Belfast Boys

Off the ferry from Scotland and in to a taxi to central Belfast. It’s monthly pay night and it’s going off. Drop my bags at the boarding house and saunter in to town to a bar near the Europa Hotel and then a few more, blending into walls of laughter. It’s a caricature of that picture of dogs smoking pipes and playing pool, except many of the dogs are heroin addicts or spent serious time in jail during The Troubles.

“So what’s Australia like,” asks a woman.

“Like Austria but with more Minogues”

And then alone to a party off Falls Road and the bouncer out the front says ‘fuck orf’ which is fair, considering the staggering, so I’m about to weave back in to town when an Artful Dodger appears out of the shadows.

He’s crook, bashed by his Dad and he’s had a few and, “fuck, is that vodka you’re carrying?” He goes on about his head and he’s bleedin’ so I says, “where’s the hospital?” And he says, “follow me” but I’m bursting for a piss and he says just a little further, just a little further and he says, “righto, if ya gotta go, ya gotta go.”

Relief is jolted by a yell high on a black steel gate and a search light, with the silhouette of flak jacket and Armalite.

“What the fuck you doin’ pissin’ ‘ear? Fuck orf you little shit!”

The Artful Dodger is roaring. “Aww fuck mon, that’s so funny – that’s a British fort! You ain’t from around ‘ear are you?”

It’s midnight and the hospital triage line snakes out the door and I say to the charge nurse, as sober as sober can, with the vodka behind my back, “I’m an Australian doctor and this young fellow here has a nasty contusion and his left pupil is enlarged and it might not be a bad idea – indemnity and headline wise – to weave some magic on him now.”

Twenty minutes later he emerges with bandages and smiles and says, “follow me”, which is what I’ve been doing for the last 40 minutes, through tenements, forts and sirens.

We make our way to Dunfield Park and out of the darkness come three men, larger and older than Artful. They walk with purpose and he says, “it’s alright, I know ‘em” and we shake hands and they call me a ‘fucking convict’, as a term of endearment.

We walk 300 yards through the back streets to a burnt out Cortina in a cul de sac.

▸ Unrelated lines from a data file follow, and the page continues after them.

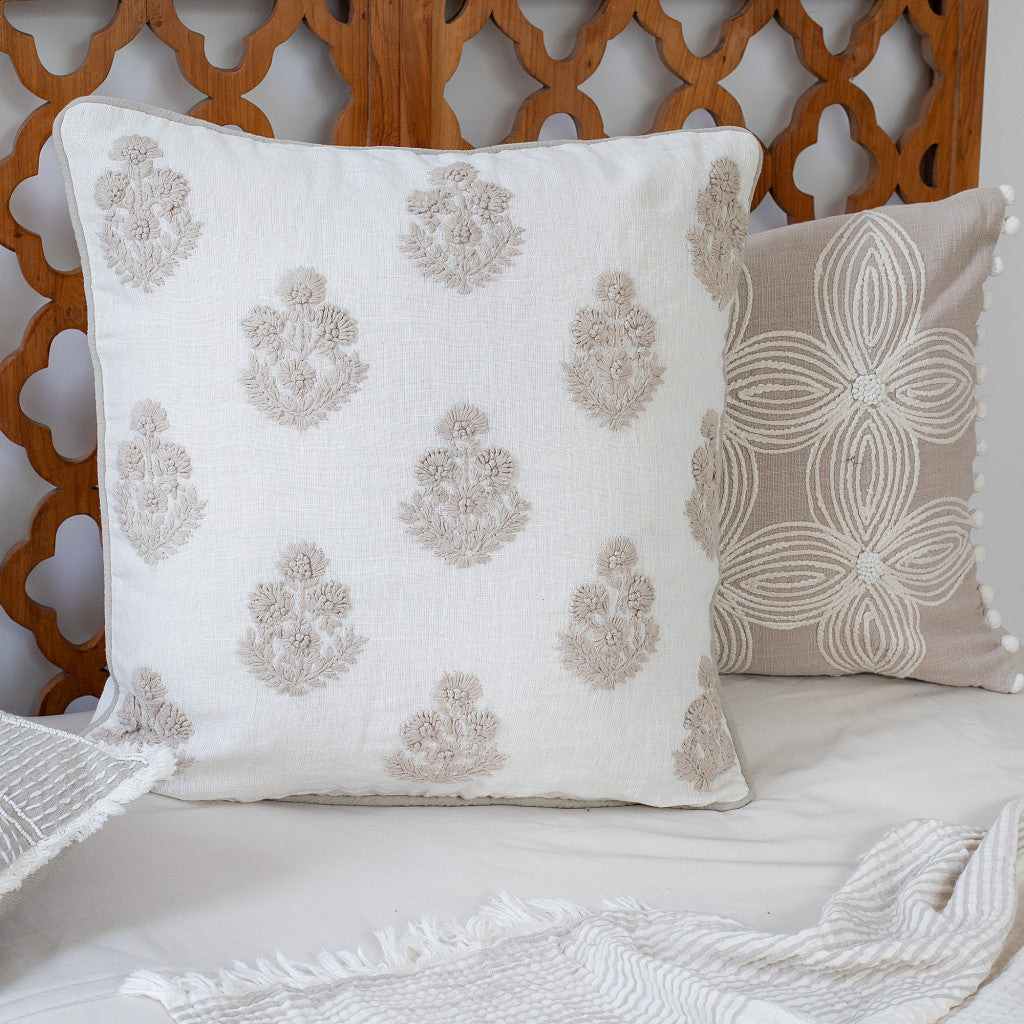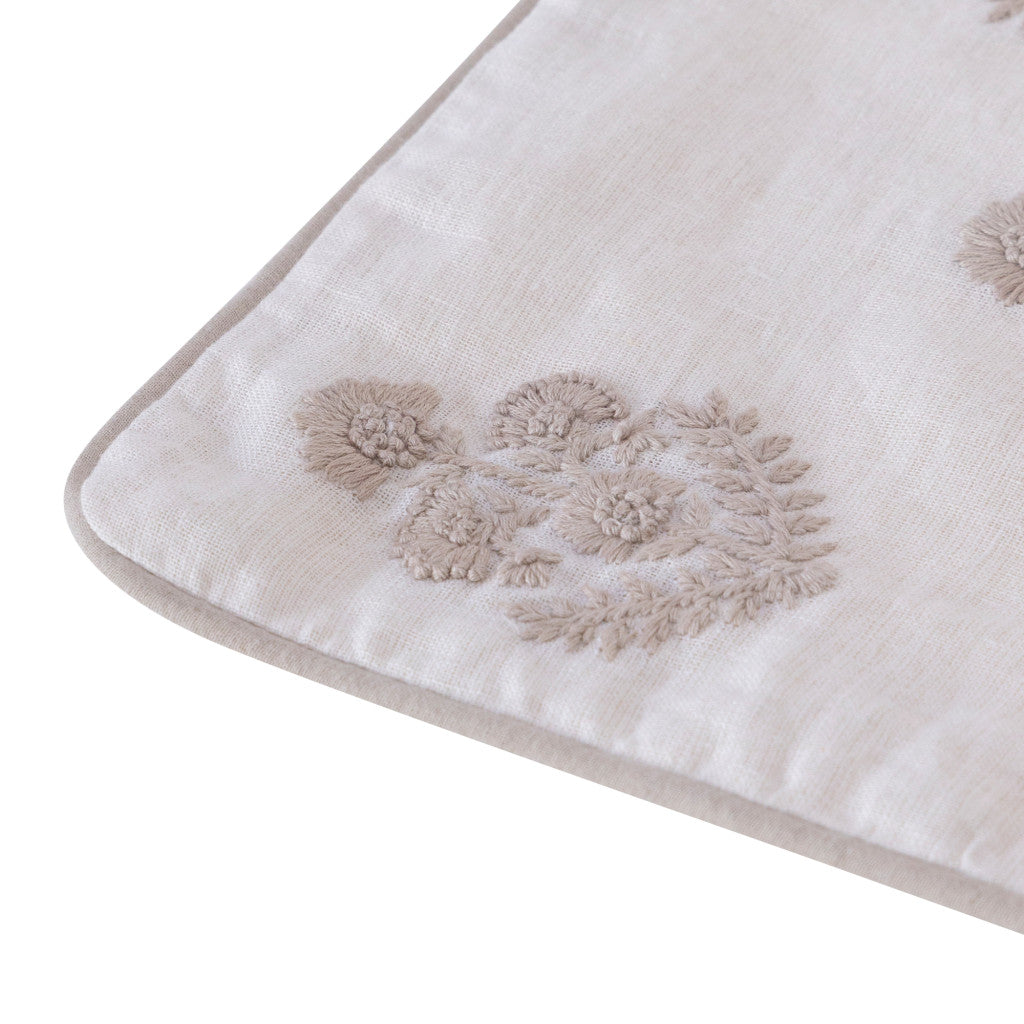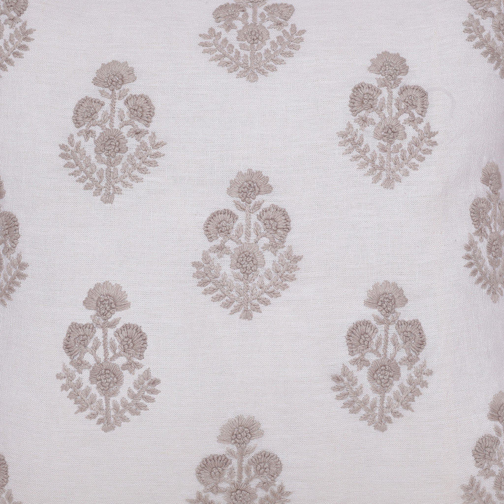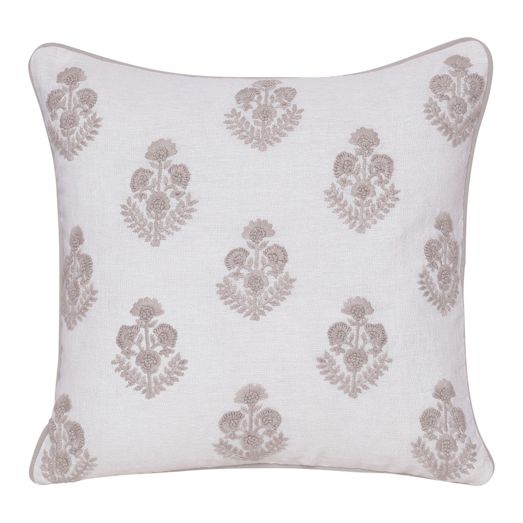 20" X 20" Natural and Ivory Floral Linen Zippered Pillow With Embroidery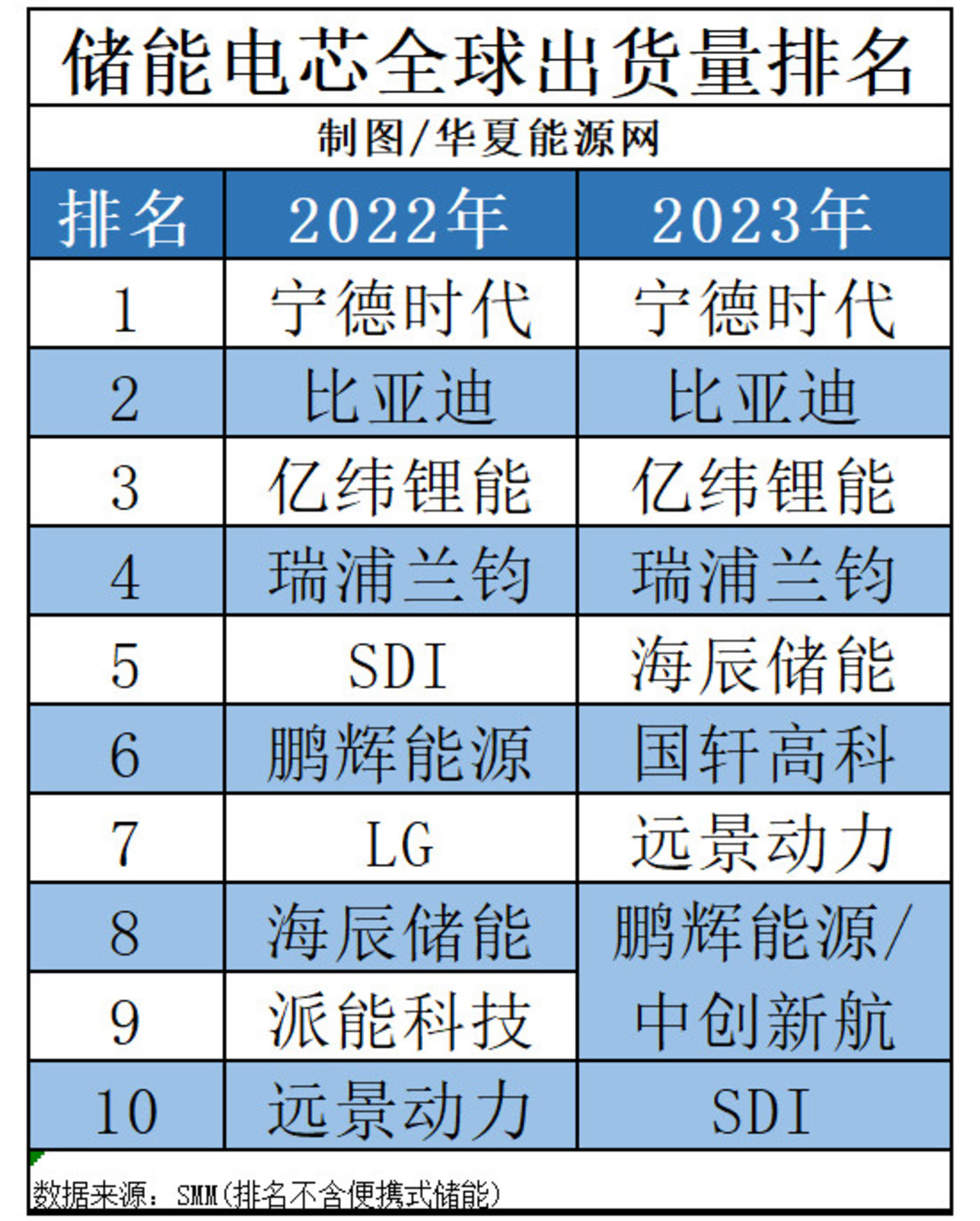 華夏能源網(wǎng)獲悉,近日,上海有色網(wǎng)(SMM)公布了2023年儲能電芯出貨量排行榜。榜單顯示,寧德時代(SZ:300750)、比亞迪(SZ:002594)、億緯鋰能(SZ:300014)位居前三甲,瑞浦蘭鈞(HK:00666)、海辰儲能、國軒高科(SZ:002074)和遠(yuǎn)景動力緊隨其后,鵬輝能源(SZ:300438)和中創(chuàng)新航(HK:03931)并列第八,來自韓國的電芯廠商三星SDI被擠到第十位。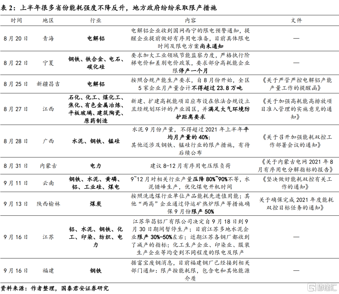 测算结果表明:若要完成全年的“双控”目标,在基准假设下,需要对一级预警的9个省份相关高耗能行业限产30%~70%,对于全国四季度GDP增速产生0.5%的持续拖累。相较于三季度,限产的力度将边际趋严,结合目前的各省的政策表态,多个省份尚未对限产的幅度进行规定,此外,二级预警地区的限产政策大多尚未出台。因此,为了达成全年的“双控”目标,需要各省共同发力,预计未来限产节奏不会发生大幅纠偏,相关省份在四季度将陆续出台相应的限产措施。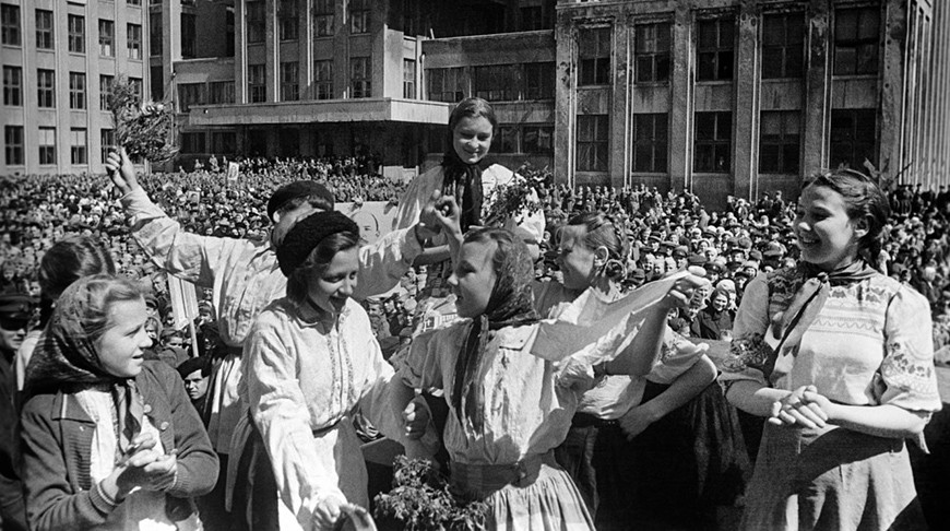 В День Победы 1945-го в Минске на грандиозный митинг у Дома правительства собрались чуть ли не все жители города - около 70 тысяч человек. В 8 утра они узнали из листовок, сброшенных самолетом из Москвы, что Германия наконец-то капитулировала. Через полчаса эта новость прозвучала в репродукторах. Люди на улицах на радостях обнимали друг друга. Город ликовал!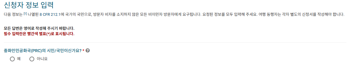 체류지는 예약한 호텔을 적고 미국내 연락처를 적는 란에는 저는 자유여행이라 제 이름을 적었습니다.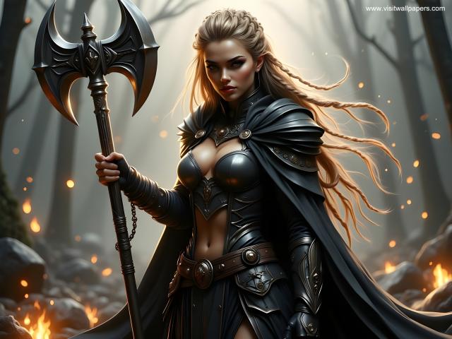 Fantasy_440 A beautiful, and strong barbarian woman with long, braided blond hair, muscular muscles, and light battle scars, sweating slightly in light black, open-belted leather armor with a belt, buckles, and straps, and a bearskin cloak. She holds a large, giant, Date: 3/29/2025 A beautiful, and strong barbarian woman with long, braided blond hair, muscular muscles, and light battle scars, sweating slightly in light black, open-belted leather armor with a belt, buckles, and straps, and a bearskin cloak. She holds a large, giant, massive, two-handed battle axe.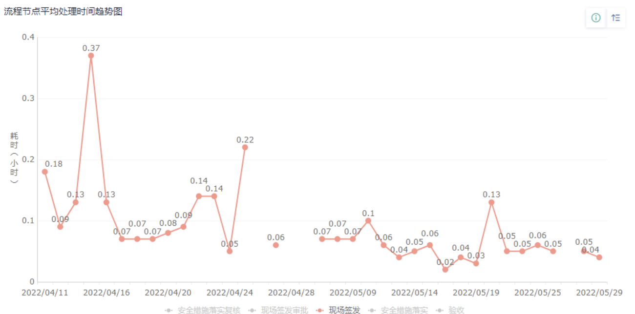 通过图4-28所示,明显可以看出自5月份开始填报节点消耗的时间明显要比4月份要少,且操作时间趋于平稳。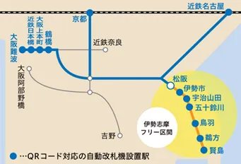 ※QRコード対応の自動改札機設置駅および伊勢志摩フリー区間以外の駅はご利用いただけません。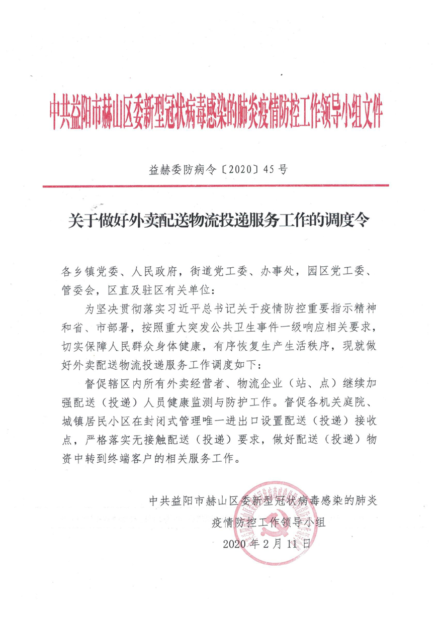 关于做好外卖配送物流投递服务工作的调度令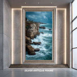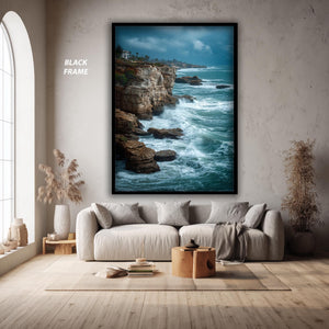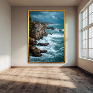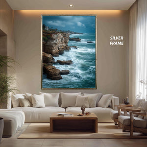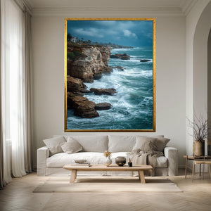 This dramatic ocean cliffside photography print captures the raw power of crashing waves and the moody sky, making it an exceptional coastal wall art piece that transforms any room with nature seascape decor. Featuring a cliffside landscape photo that showcases stormy sea artwork in vivid detail, this canvas wall poster brings the essence of the ocean indoors. Perfect for lovers of minimalist ocean art and modern coastal decor, this dramatic ocean print combines abstract expressionism art with breathtaking seaside photography print quality.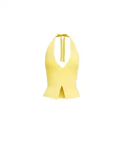 The Serah Vee Top is a curated addition to your spring/summer wardrobe. Made from a knitted viscose blend, the design is defined by its deep vee halter neckline and structural ribbing. A backless design, this flattering silhouette secures with ties at the neck.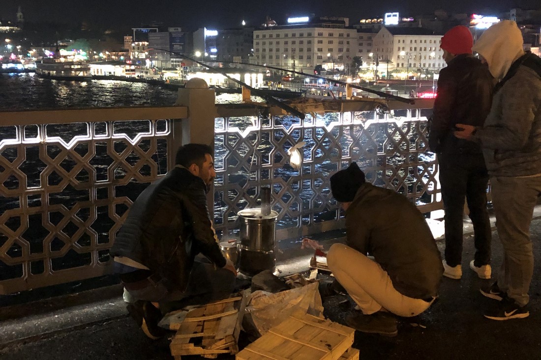 Люди на мосту жгут костры и ловят рыбу. Самое забавное, что тут они и встретили Новый Год:
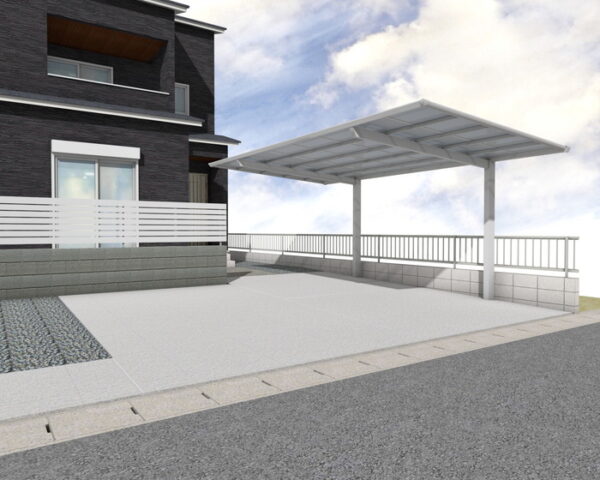 カーポート「セルフィ」は、熱線遮断ポリカーボネート板が日差しを和らげ、駐車空間を快適に保ちます。土間は刷毛引き仕上げのコンクリート打ちで、単粒度砕石の割溝とエキスパンタイの伸縮目地が、デザイン性と機能性を両立させた美しい仕上がりです。実用性と美しさを兼ね備えた、ゆとりの空間をご提案します。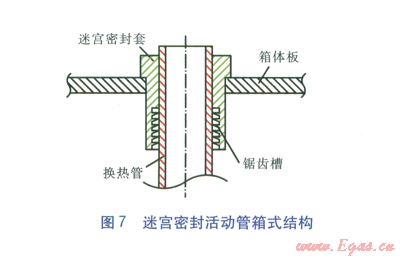 采用端面填料函密封的活動管箱式結構時,一組管箱的制造安裝費用為7.64×104元。采用迷宮密封活動管箱式結構時,一組管箱的制造安裝費用為13.52×104元。前者的使用壽命為l0~l2個月,后者的使用壽命為6年以上。因此,在滿足使用壽命的前提下,采用迷宮密封活動管箱式結構的空氣預熱器的技術經(jīng)濟性可以接受。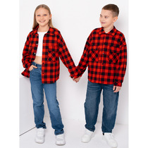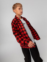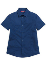 Сорочка верхняя для мальчиков прямого силуэта с воротником. По переду обработана застежка на пуговицы d=10mm и петли. Рукава короткие, втачные, слегка спущены. Нижние срезы изделия и рукавов обработаны швом в подгибку.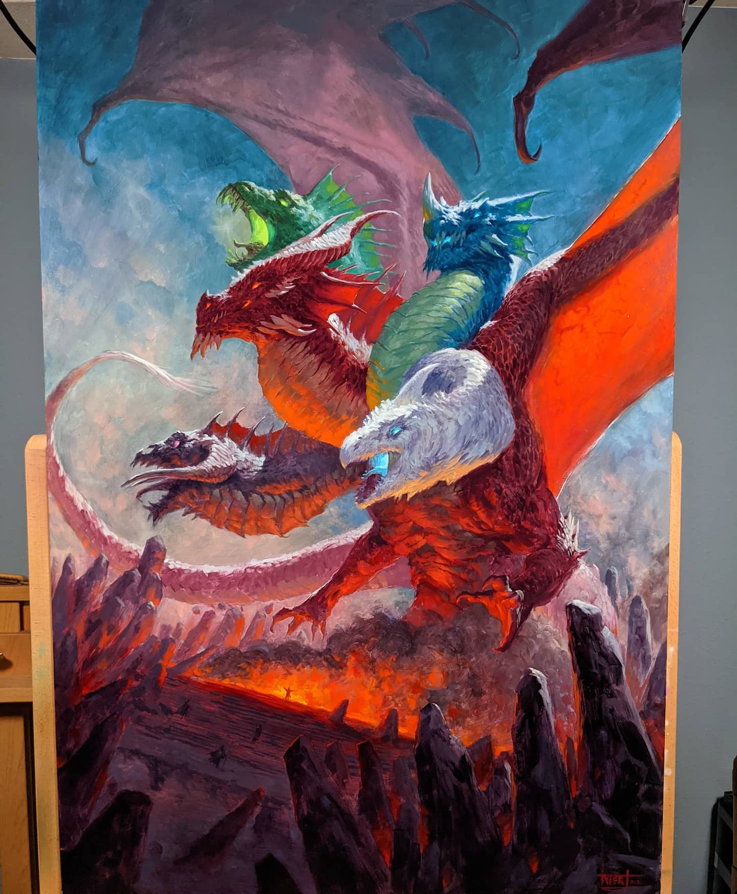 To my surprise & excitement #MagicTheGathering previewed my #Tiamat for the upcoming Adventures in the Forgotten Realms #dungeonsanddragons crossover set. I worked really hard on this set at many levels of production. What do you think, should I sell the painting? AD @zack_stella pic.twitter.com/RNuNdJDXrY
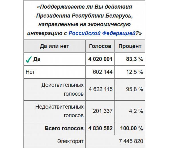 Третья итоговая картинка говорит о том, что 14 мая 1995 года большинство избирателей поддержало известные им до голосования действия Президента, направленные на экономическую интеграцию с Россией. Полагаю, поддержали потому, что слова «экономическая интеграция» в тот день были исконно белорусские и потому понятны моим постсоветским соплеменникам. Правда, я не проверял версию. Зато, судя по итогам референдума-1995, избиратели знали значение слов «экономическая интеграция» и не перепутали со смыслом слов «референдум о Союзе РБ и РФ», которого в РБ никто не проводил.

The car has a working radio and rugs over the seats and we crack the vodka and pass it around and listen to The Corrs and drink until the vodka runs out.

It’s a whip around for 40 pound and the big guy in the back, who looks like Montgomery Clift, gets on the mobile and says, “yeah, Jimmy, we’ll have another bottle of vodka, half an ounce of weed and oh yeah, two packets of Stuvyies.”

We talk about parents and girls. Artful says one day as sure as hell, he’s going to kill his Da. Kill him stone dead. But Montgomery cuts in and yells “run, just fucking run” and we fly as search lights from a British APC hit the Cortina. We’re hiding behind parked cars and the Brits point their guns at Artful dancing on the bonnet and it’s, “fuck you Brit cunts, why don’t you fuck off and go home.” He’s an angry jockey on a burnt out horse; hysterical, a pisser.

It’s fists in mouth stuff because the Brits are only 50 yards away and we try not to look at each other or Artful doing his war dance in the spotlight and Montgomery rolls over to catch the stars and the gun in the waist band of his trousers is silver and .45 calibre and he knows I’ve seen it.

As the Brits leave, Artful comes over and says, “I told those fuckers good and proper, didn’t I? They won’t come around ‘ere any time soon.”

It’s 2.00am and more liquor and dope arrive for a 20 per cent fee. We sit on the bonnet of the car and smoke cigarettes and Monty (I feel I’ve got to know him), releases the widow maker from his waist band and the others go, ‘aaawww, what the fuck you doin?’

And they get in to the Cortina without me and conference about my knowing for a long ten minutes. They’re sizing up character, muzzle velocity and fate. I stick my head through the passenger window and ask, “what’s the verdict?”

Four men put trigger fingers to their lips and go, “sssshhhhh. Loose lips sink relationships,” and the mobile phone is out again and Artful says, “how about a little wine this time?”